Medical coverage is typically the most critical service for relative caregivers. A Louisiana worker noted that it was often more of a concern than the child-only TANF grant. The worker added that the relative will say, "I don't really need this but I need the Medicaid for the child." Staff in a Washington local office reported that they typically could arrange immediate Medicaid coverage for relative caregiver cases.
In Maryland, Oklahoma, and Washington, all children who receive child-only TANF payments are automatically covered by Medicaid. To receive medical coverage in Louisiana under KCSP or through kinship care in Wisconsin, the relative caregiver must contact a separate human service office, which is in charge of applications for Medicaid and the State Children's Health Insurance Program (SCHIP).
In Wisconsin, children in relative care receive Medicaid managed care, while children in foster care receive fee-for-service Medicaid. This situation creates challenges for children who transition from foster care to relative care. Because not all providers accept Medicaid managed care, children may need to change providers, especially for mental health care.
Well-child visits, vision and hearing screening, dental services and mental health services are covered by Medicaid under the Early and Periodic Screening, Diagnosis, and Treatment (EPSDT) program. Few children are insured privately by their caregivers. Relative caregivers voiced complaints commonly heard among Medicaid populations regarding the dearth of providers in certain specialties, including psychiatrists, dentists, and orthodontists. As a Wisconsin grandmother noted, "This [Medicaid] service is very lacking. There are not doctors or dentists available that can provide services. Even if you have medical assistance, you can't get services for the kids."
Across the five states, informants noted that children in relative care often had distinct mental health needs. Unlike children in TANF households, children in TANF cases with relative caregivers are typically separated from their parents because their parents were incarcerated, abused alcohol and/or drugs, or their whereabouts were unknown. These children often have long-term issues stemming from sexual abuse, exploitation, and separation and attachment disorders, requiring counseling and therapy.
Informants noted that many relative caregivers lack the skills necessary to identify children's needs and locate appropriate services. Caregivers who lack knowledge of available services and who have no experience with maneuvering the Medicaid and welfare systems to receive needed services have particular difficulties.
|"Relatives have no recourse, unless they're pretty savvy to the system."

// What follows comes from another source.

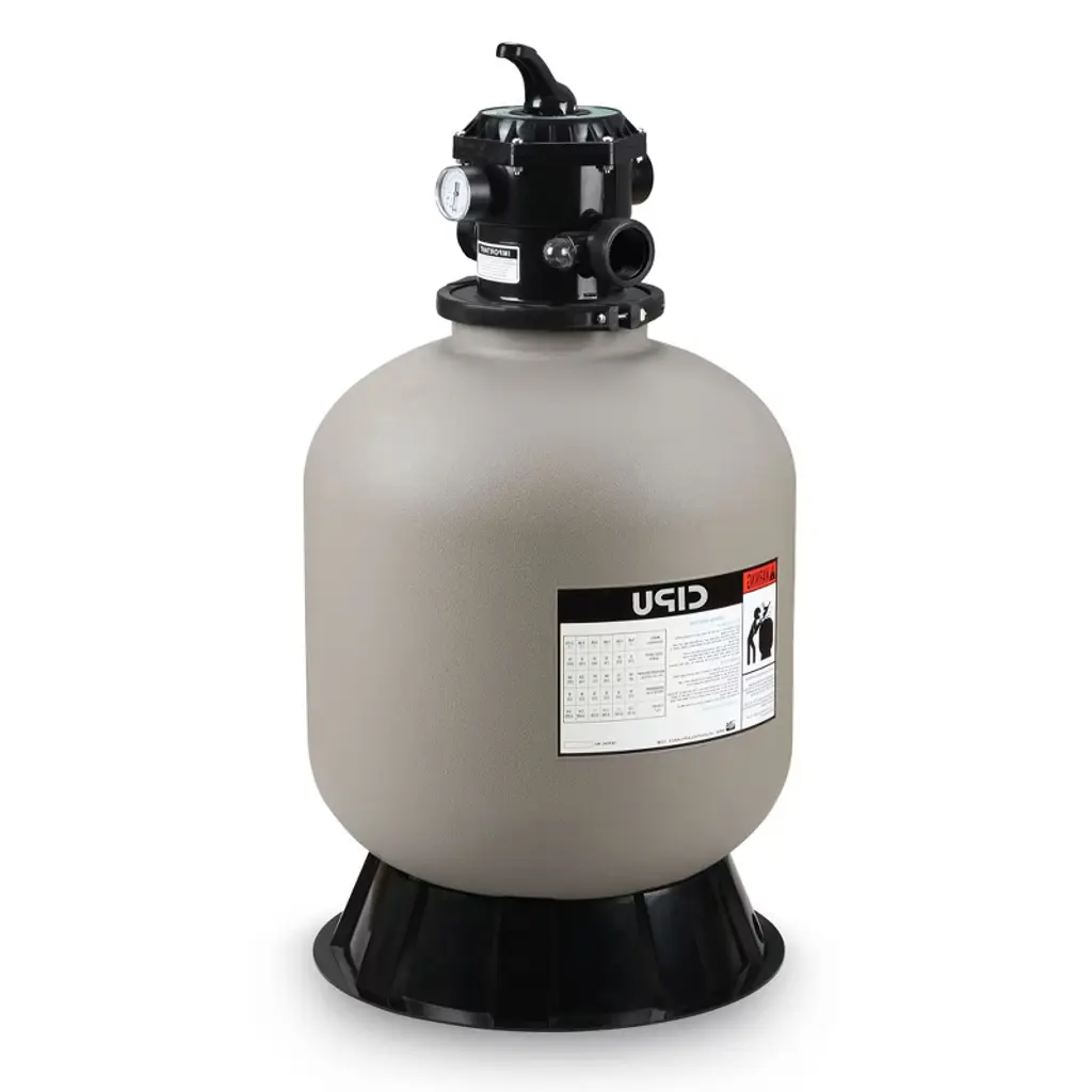 Keep your pool water crystal clear with our top mount sand filter. This series of sand filters use the latest filter technology. The filter is strong, reliable and simple to operate. Molded from a durable, corrosion-proof polymeric material, and engineered to maximize filtration and improve water clarity by evenly distributing pool water over the entire sand bed. It has all the features and quality that you as a customer require, which is designed for resort pools, hotel pools, municipal pools, and school pools. Product features: Filter is equipped with a multi-port valve and union connections for easy installation and operation The 6-position valve puts you in control while the easy-to-use lever-action handle lets you quickly dial any function Smart top diffuser ensures even distribution of water over the sand bed, which provides smooth, free-flowing performance High-performance impeller Corrosion-proof housing protects the filter system from severe weather for years to come Designed drain for rapid, all-weather performance Precision engineered self-cleaning laterals for balanced flow, backwashing, and easy serviceability Suitable for above ground or in-ground pools Specifications: 24" diameter filter 3.14 square foot filter area Max flow rate of 62 GPM Pressure gauge up to 50 PSI Uses 300lbs of sand

Child Welfare Worker, Washington
Although many informants reported that mental health and counseling services were needed, several factors limited access to treatment. These factors include a lack of providers who accept Medicaid, a lack of providers who provide quality care, long waiting times for appointments, and insufficient treatment for children's needs. These issues are further exacerbated for children living in rural areas where there is a lack of providers generally, children living with caregivers who lack transportation, and children in managed care.